新たなタイムリミット

 仟(かしら)の打球は、綺麗な放物線を描いてバックスクリーンへ飛び込んだ。点差は7となり、ついにスコアは西島高校リードの11対4となった。

 一塁を蹴った仟は、両手で小さく喜びを噛み締めるようにガッツポーズをする。

(やった……本当にピースパームを捉えたんだ!)

 ホームランで盛り上がる西島(せいとう)ベンチ。しかし、一人だけ浮かない顔をする紀香(のりか)監督がいた。

(確かに仟はピースパームを完璧に打った。そして、国井君の心に動揺があったのは間違いない……なのに)

 紀香監督が国井を見つめる。

(あの土下座のような姿が、敗者のそれではない気がするのはなぜ……?)

 三塁を回った仟がホームヘ近づく。すると国井は、仟を待っていたかのようなタイミングで面を外す。目は閉じられているが国井の口元はニヤリと笑っていた。

(そうさ……あの時も、これで良かったんだ……)

 不気味に感じた仟がホームイン。それを見届けた国井は、スッと立ち上がってタイムを要求した。

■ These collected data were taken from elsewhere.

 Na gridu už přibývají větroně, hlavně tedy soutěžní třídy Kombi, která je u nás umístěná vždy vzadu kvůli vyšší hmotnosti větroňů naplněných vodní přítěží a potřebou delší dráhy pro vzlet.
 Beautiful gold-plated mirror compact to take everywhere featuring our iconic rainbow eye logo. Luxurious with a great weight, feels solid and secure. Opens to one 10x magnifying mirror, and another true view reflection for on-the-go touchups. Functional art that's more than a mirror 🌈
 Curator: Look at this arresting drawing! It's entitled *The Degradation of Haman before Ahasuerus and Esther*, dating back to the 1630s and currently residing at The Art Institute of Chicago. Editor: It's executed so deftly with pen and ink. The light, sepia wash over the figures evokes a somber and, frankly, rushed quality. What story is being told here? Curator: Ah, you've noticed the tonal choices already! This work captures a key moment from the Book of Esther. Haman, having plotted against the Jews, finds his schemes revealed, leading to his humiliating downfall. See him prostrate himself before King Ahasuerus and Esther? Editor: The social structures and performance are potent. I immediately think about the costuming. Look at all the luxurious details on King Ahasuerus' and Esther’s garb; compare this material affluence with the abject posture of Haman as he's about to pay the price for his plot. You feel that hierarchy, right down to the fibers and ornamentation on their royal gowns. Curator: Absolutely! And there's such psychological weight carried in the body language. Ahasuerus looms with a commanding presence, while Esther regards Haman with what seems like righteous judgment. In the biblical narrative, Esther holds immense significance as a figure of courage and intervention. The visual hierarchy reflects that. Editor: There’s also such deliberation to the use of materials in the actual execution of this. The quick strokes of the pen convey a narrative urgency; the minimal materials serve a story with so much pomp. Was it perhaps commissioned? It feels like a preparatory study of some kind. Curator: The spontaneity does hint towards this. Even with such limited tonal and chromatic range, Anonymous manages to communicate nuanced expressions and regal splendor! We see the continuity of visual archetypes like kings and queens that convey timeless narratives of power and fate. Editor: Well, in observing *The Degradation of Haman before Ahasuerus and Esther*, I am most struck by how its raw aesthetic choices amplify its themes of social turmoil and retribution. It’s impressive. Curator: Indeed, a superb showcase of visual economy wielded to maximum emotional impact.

 ゆっくりとマウンドへ向かう国井。その姿をジッと見ていた仟の下へ、ネクストの白城(しらき)が歩み寄る。

「気にするな、仟。この勝負はお前の勝ちだ」

「でも……あっ!?」

 白城は、仲間のベンチへ送り出すように仟の背中を笑顔で押した。

「今は素直に喜べ!」

「白城さん……はいっ!」

 仟は歩く白城の背中に微笑み、三塁ベンチへ戻って笑顔でハイタッチを交わした。

 そして、国井がマウンドに着いた。怒られると感じた斜坂(ななさか)は、グローブで顔を隠した隙間から様子を伺う。

「斜坂……」

「はっ、はいぃっ!」

 国井の気迫が潜む低い声に、斜坂は両手を下げてピッと背筋を伸ばした。直視出来ずに上を向いていたが、立ち止まった国井は黙ったまま。気になった斜坂は国井を見ると、頭の中で嬉しそうに考えを整理するその姿が映った。

(打たれた経験……。常に強者でいると自分に誓ったが為に、皮肉にも俺に足りなかったものが負けを認める潔さだったとはな……)

「あのー、国井さん?」

「フッ。斜坂、タイムリミットは新たな段階へと限界を超えた……」

「え?それはどういう意味で……」
「お前はいつも通りでいい。ここから俺は、野球の偉人たちさえも抗えなかった、絶対領域のタイムリミットを始める」

「ぜ、絶対領域ぃ?」

「そういうことだ……」 

 驚いた斜坂に背を向け、国井はマウンドを去る。

(俺は星見との敗戦を認めなかった。実力では負けていない、俺なら次は必ず勝てると思い込んでいた。しかしあの敗戦は、そんな自分自身が導いた結果だったのだ。星見を抑えれば勝てる……か。この夏も、同じ目にあう所だったな……)

 ホームヘ戻った国井は、意気揚々と素振りをする白城と目を合わせる。

「国井さん。悪いが俺も、借りを返させてもらうぜ」

「フッ……俺がお前に、何かを貸した覚えはない」

 国井は座り、白城は打席に立った。そして球審のタイムが解かれ、国井はミットを構える。

(全力で抑えられないのなら、潔く負ければいい。それが俺独自の、新たなタイムリミットへのトリガーだったのだ!)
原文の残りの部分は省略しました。